At this point, a feature of the Japanese economy that has captured the admiration of American observers came into play. Japanese banks, which are not restricted and regulated the way American banking is, naturally became the depository of industry’s enormous profits. Lists of the 10 or 20 largest financial institutions in the world were therefore dominated by Japanese banks. American bankers were (and are) envious of how intertwined giant industries and giant banks were. Banks owned and speculated in common stocks and real estate, and thus owned industrial corporations. The latter owned bank stocks and speculated in them.

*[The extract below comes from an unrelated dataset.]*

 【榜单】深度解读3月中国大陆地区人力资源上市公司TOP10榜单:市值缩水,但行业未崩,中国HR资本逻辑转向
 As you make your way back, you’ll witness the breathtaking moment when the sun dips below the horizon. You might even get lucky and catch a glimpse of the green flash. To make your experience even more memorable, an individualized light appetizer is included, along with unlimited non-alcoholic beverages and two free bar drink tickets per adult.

From time to time the central bank joined in the fun.

As world trade languished, and as Japanese forays in foreign investment from Radio City in New York to the Pebble Beach Golf Course[4] in California proved disappointing, bankers and indeed the whole of the Japanese economy devoted all available wit and energy and money to speculating in domestic securities and real estate. The stock market shot up faster and farther than Wall Street has ever managed, and the newspapers were filled with stories of lots 10 feet square in central Tokyo selling for a million dollars. Memberships in fashionable golf clubs also were said to cost a million dollars. Besides playing the markets for their own account, bankers lent vast sums to other high rollers. Speculation spilled over to Korea and bubbled around the Pacific rim.

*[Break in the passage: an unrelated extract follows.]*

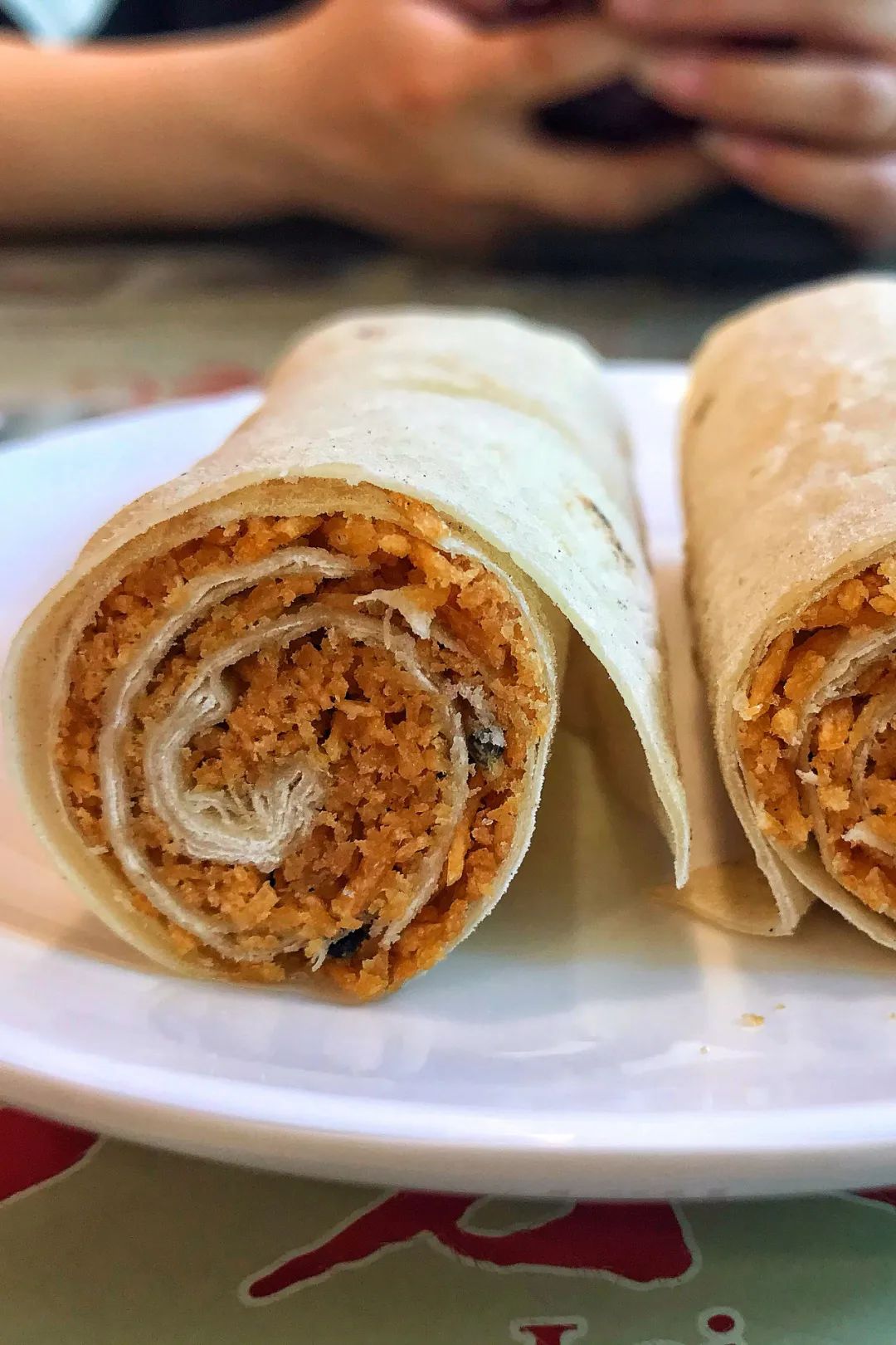 徐州人还深谙碳水+碳水=奇迹的神奇公式,烙馍卷馓子便是如此,心里脆,外面软,奇妙的口感令人上瘾。

THE HOME BUBBLES burst first, years before the current debacle in Southeast Asia. Japan’s economy has been essentially flat for most of the present decade.

Economists know what to do in such situations: increase saving, control consumption, raise the interest rate, cut taxes, balance the budget, and deregulate. As we have seen, however, Japan was already very much the sort of state advocated by Jean-Baptiste Say.

At the same time there were puzzling differences in details. Unemployment remained well under 3 per cent, yet inflation was close to zero (a situation similar to the one in the United States that is currently bewildering the Federal Reserve Board). The interest rate was below 2 per cent-as it had been in America in the decade ending in 1951-yet there was so much money around that raising the rate proved to be difficult. The regulations that the U.S. most objected to were those that made imports difficult and hence restrained consumption.

Well, it’s a long story and includes political plots and subplots and dark tales of gangsters (for some reason not known as the Japanese Mafia), but here I merely want to mention one detail. Evidently to appease sternly anti consumption economists, Japan introduced a national sales tax a couple of years ago. The latest “reform” package included extensive corporate and personal income tax cuts, but the sales tax was left intact.

There is, I think, very little chance that Japan will recover from its extended stagnation without a fundamental change of policy. Japan had a brilliant postwar run from destruction and demoralization to the second largest economy in the world. As we observed at the beginning, modern economics has a one-track mind, and Japan followed it. The economic advice that enabled the country to achieve riches is now hampering the recovery. It is as successful a supply-side economy as the modern world has seen, and as such its difficulties should be a warning to the United States.

A one-sided economy is unjust and, in the end, is inefficient. Adam Smith was a true citizen of the Enlightenment. He wrote, “Consumption is the sole end and purpose of all production, and the interest of the producer ought to be attended to only as far as it may be necessary for promoting that of the consumer.”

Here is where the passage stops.